In subsequent months, add the monthly figures to the previous month’s YTD figures.
Whilst in many ways the YTD figure is the one that matters, you can often pick out a trend by looking at the monthly variances. For example, the February YTD variance above looks bad, but the monthly figure is actually an improvement on January.
Step 3 – profit and loss budget
While sales are vital, to make sure that you will actually make an overall profit you need to create a budget to monitor your costs as well as your sales, the profit & loss budget is calculated by taking the sales value and deducting all the costs you incur during the year to run the business.
Cost of sales
The first costs you must assess are those of the products you are selling plus the costs of making them available for sale.
- If you buy in the product, this will be based on the price quoted by your supplier (excluding VAT). However, you will need to add in any cost of delivery to you, including insurance and customs duty for imported goods.
- If you manufacture the product, you will need to calculate a unit cost of production, which will include the cost of raw materials and labour used. Remember to add Employer's National Insurance to your hourly labour rates.
- Include other direct costs of production such as electricity and maintenance costs for any machinery used. (These will probably have to be averaged across a weekly or monthly number of units.)
- Other sales costs may include storage, sales commissions, outward delivery and packaging – i.e. every cost that is directly attributable to sales. If you do not feel confident assessing all these yourself, get help from an accountant or business adviser at your local Business Link or national equivalent.
To calculate the cost of sales:
- Enter the unit cost in column 3 of the table below and other costs of sales in column 4.
- Bring down the total units you plan to sell in the year for each product from the sales budget (Table 1) into column 2.
- Add the unit cost (column 3) to the other costs of sales (column 4). Multiply the result by the number of units sold to give a cost of sales for each product in the last column.
TABLE 3 | Units Sold | Unit Cost | Other Costs of Sales | Cost of Sales |
Product A | 21,000 | £2.48 | £0.52 | £63,000 |
Product B | 6,000 | £3.74 | £0.26 | £24,000 |
Total Cost of Sales | £87,000 | |||
Gross profit
Gross profit is the surplus of turnover after sales costs.
- Take the total annual sales value from the sales budget (Table 1) – sales value is also often referred to as turnover – and copy it into the table below.

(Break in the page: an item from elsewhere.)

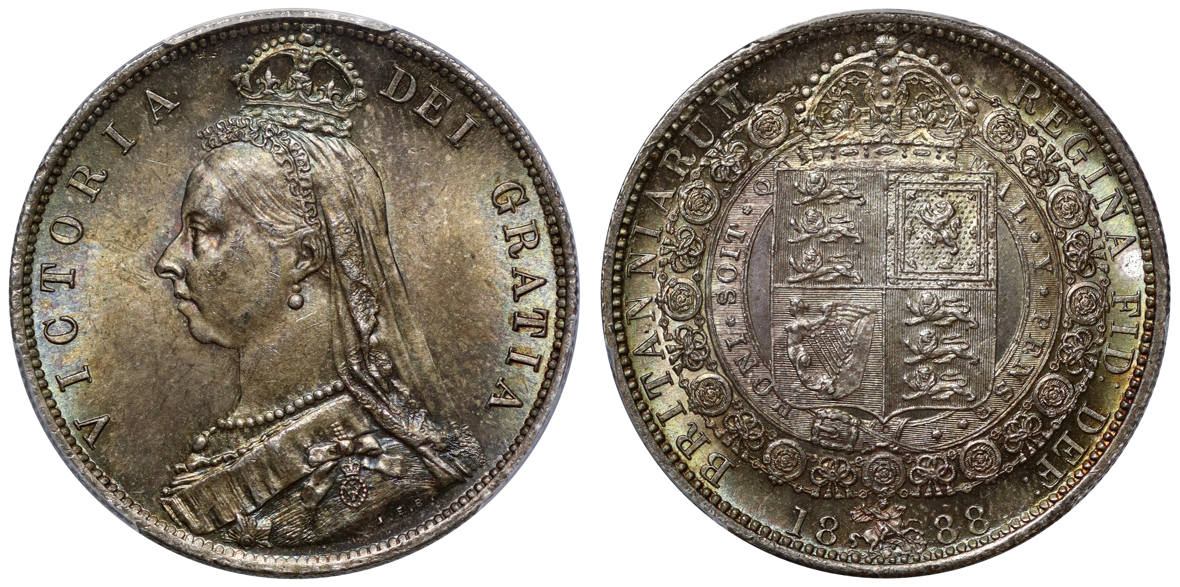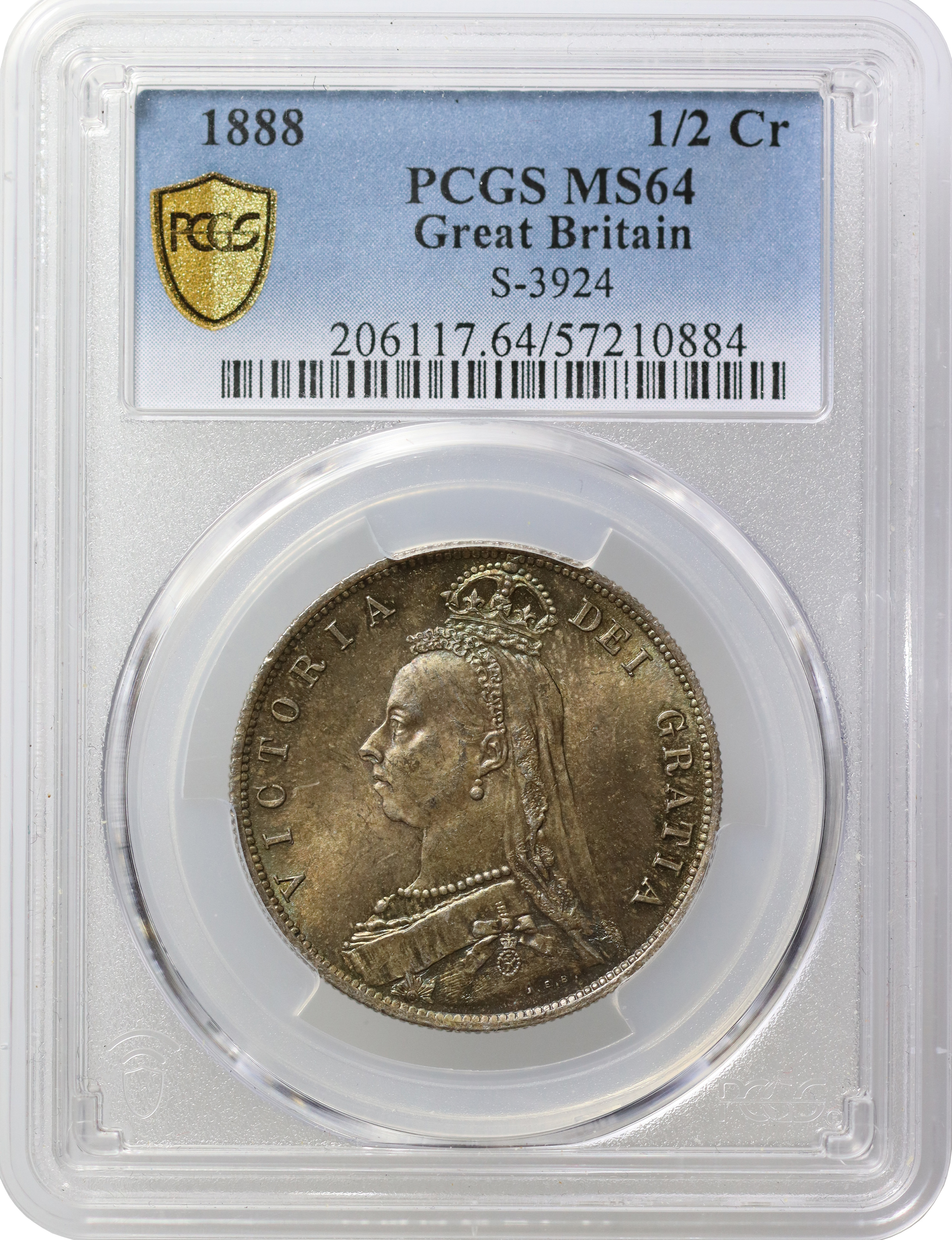 Victoria (1837-1901), silver Halfcrown, 1888, crowned and veiled Jubilee type bust left, J.E.B. on truncation, Latin legend and toothed border surrounding both sides, VICTORIA DEI GRATIA, rev. crowned quartered shield of arms in garter and collar, motto HONI. SOIT. QUI MAL. Y. PENSE., date either side of St George and dragon at bottom, BRITANNIARUM REGINA FID: DEF: (S.3924). Slabbed and graded by PCGS as MS64.

- Bring down the cost of sales from Table 3.
- Deduct cost of sales from turnover to get gross profit.
TABLE 4 | £ | |
Sales Value | [T] | 150,000 |
Less Cost of Sales | [C] | 87,000 |
Gross Profit | [G = T - C] | 63,500 |
Net Profit
To find your real profit, you now need to deduct your other costs that are not directly linked to units of production. An example would be rent, which will probably not be any different if you sell 600 or 900 units. These are called fixed costs or overheads.
Bear these points in mind:
- Remember, while they are only fixed in relation to sales, most of them usually change over time, although costs like office rent might be fixed for at least a year ahead.
- When budgeting, it is important to include everything and to make a realistic provision for each item.
- Most people starting up businesses seriously underestimate a lot of these overhead costs.
You need to include:
- All your indirect selling costs, including marketing, advertising, trade shows and so on.
- All your office and property running costs, including cleaning.
- Any costs of employing people, including pension contributions and Employer’s National Insurance.
- Professional fees, including legal and accountancy fees.
- Financing costs such as interest and bank charges.
Note: if you are a manufacturer, be careful not to double count things like labour costs and electricity that you have already built into your cost of sales.
Depreciation
There are many, usually expensive, items that are needed to run a business such as furniture, cars, computers, machine tools and so on. These are called capital items or fixed assets, and their purchase cost is not included in the budget. Instead, there is a special charge that accountants call depreciation. This is not an expense as such because it doesn't involve parting with any cash, but it does represent an estimate of the proportion of the value of your fixed assets that is used up during the year.
For example, if you buy a new machine every four years, and the last one cost you £1,000, you should include a depreciation charge of 25% of this £1,000, i.e. £250 in each of the four years.
Let's extend our table with a few overhead items. Your list of items will probably be much longer, but this example is merely to illustrate the format.
Add up all the Overheads and deduct from your Gross Profit to give a Net Profit of £18,800 for the year.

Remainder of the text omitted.